= Lerwick and Bressay Parish Church =

Church in Shetland, Scotland

Lerwick and Bressay Parish Church is the largest Church of Scotland congregation in Shetland, serving the islands' capital Lerwick and the surrounding area.

== Description ==
There are three regular places of worship:
- Gulberwick Church (approximately 4 km south of Lerwick), with a Sunday service at 10.00 am.
- St Columba's Church in Lerwick town centre, with a Sunday service at 11.15 am. This building was renovated during 2008.
- Bressay Church, on Bressay, with Sunday services at 6.30 pm in summer months (and 3.00 pm November–April).

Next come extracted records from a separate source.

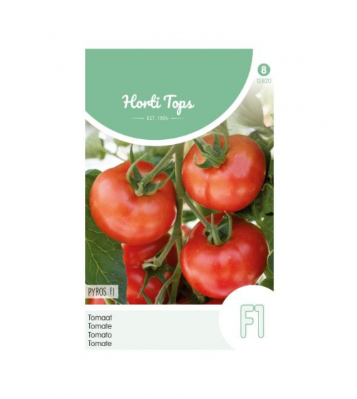 Tomaat - Pyros F1 Vanaf eind februari in een zaaibakje bij 20ºC of later buiten onder glas. Na verspenen, in een kasje of in potten uitplanten. Pyros is een middelvroeg ras met goede ziekteresistentie en geeft ronde vruchten van ca. 130-150 gram; geschikt voor buitenteelt.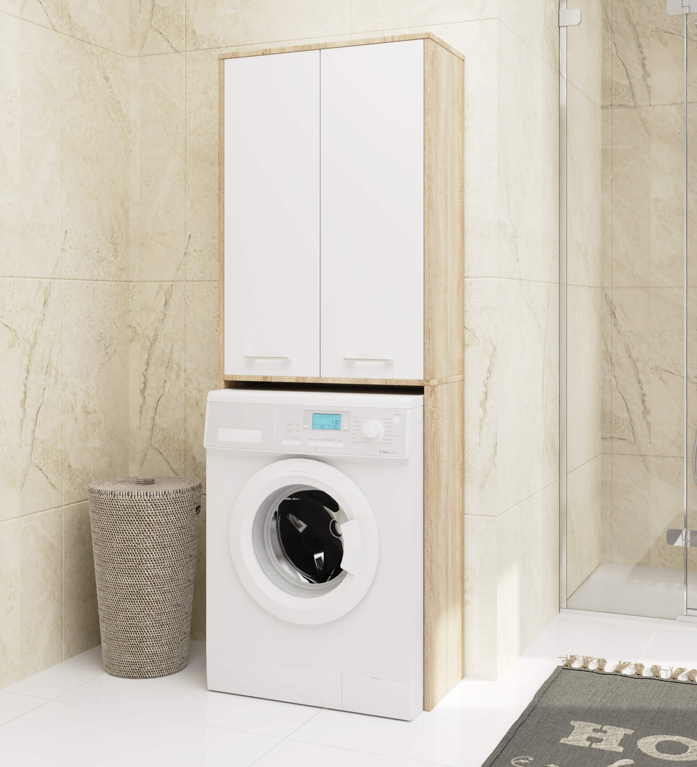 Pastotoma vonios kambario spintelė virš skalbimo mašinos, SONOMA Ąžuolas / BALTA
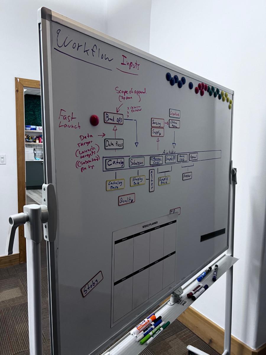 Good Usable Condition. Measures 48 x 36 With Overall Height of Stand 69" Includes some Markers. Bring Help to move down the Stair from the Second floor. There is no Elevator in this historical building.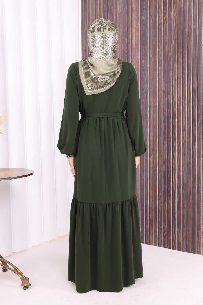 Fermuarlı Kol Manşetleri Lastikli Fırfırlı Elbise 6001 Haki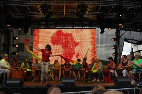 Einmal so richtig auf die Trommel schlagen. Geleitet von Sigi Lee, können Besucherinnen und Besucher Teil eines kollektivem Trommelerlebnis werden.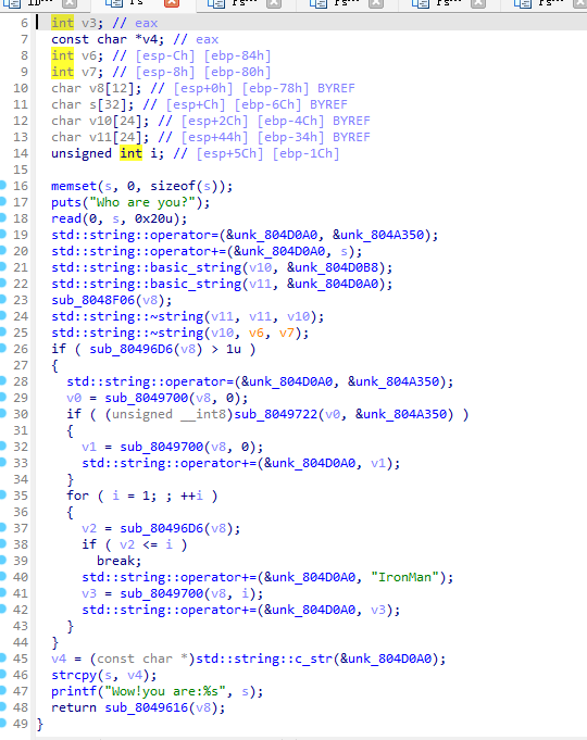 c++代码,具体意思是将I转换为IronMan再赋值个s,输入点只能输入0x20个大小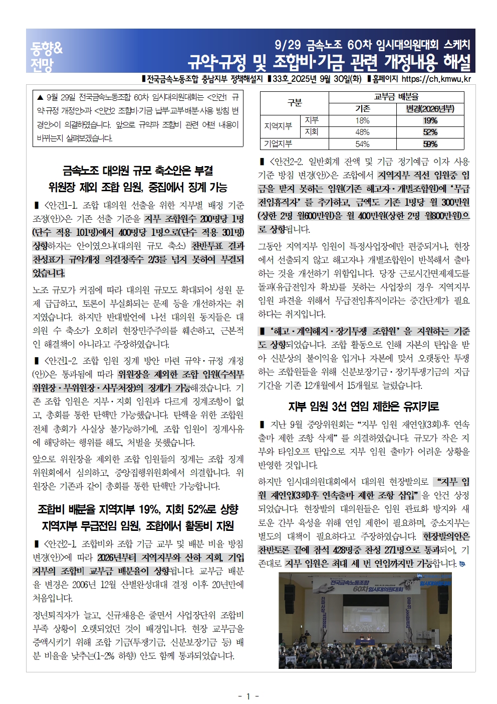 충남지부 정책해설지 33호 <금속노조 60차 임시대대 : 규약 및 조합비-기금 개정 해설>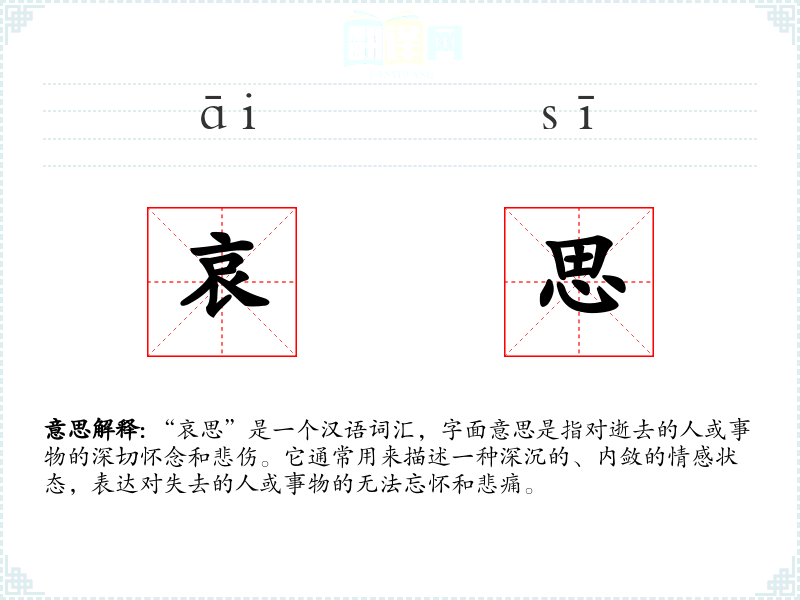 “哀思”是一个汉语词汇,字面意思是指对逝去的人或事物的深切怀念和悲伤。它通常用来描述一种深沉的、内敛的情感状态,表达对失去的人或事物的无法忘怀和悲痛。

St Columba's building is now the only Church of Scotland parish church in Lerwick. This building was constructed during the late 1820s. It is the largest church building in Shetland (and is a listed building). The church organ was installed in 1871. It was only the second Church of Scotland church building to be so equipped, following in 1866 a relaxation of the Church law on instrumental accompaniment to music in worship.

As of 2014, the minister is Caroline Lockerbie. The previous minister (2002–2010) was Gordon Oliver, who was previously minister at St Andrew's Church, Lisbon and moved to the Parish of Latheron, Caithness in 2010.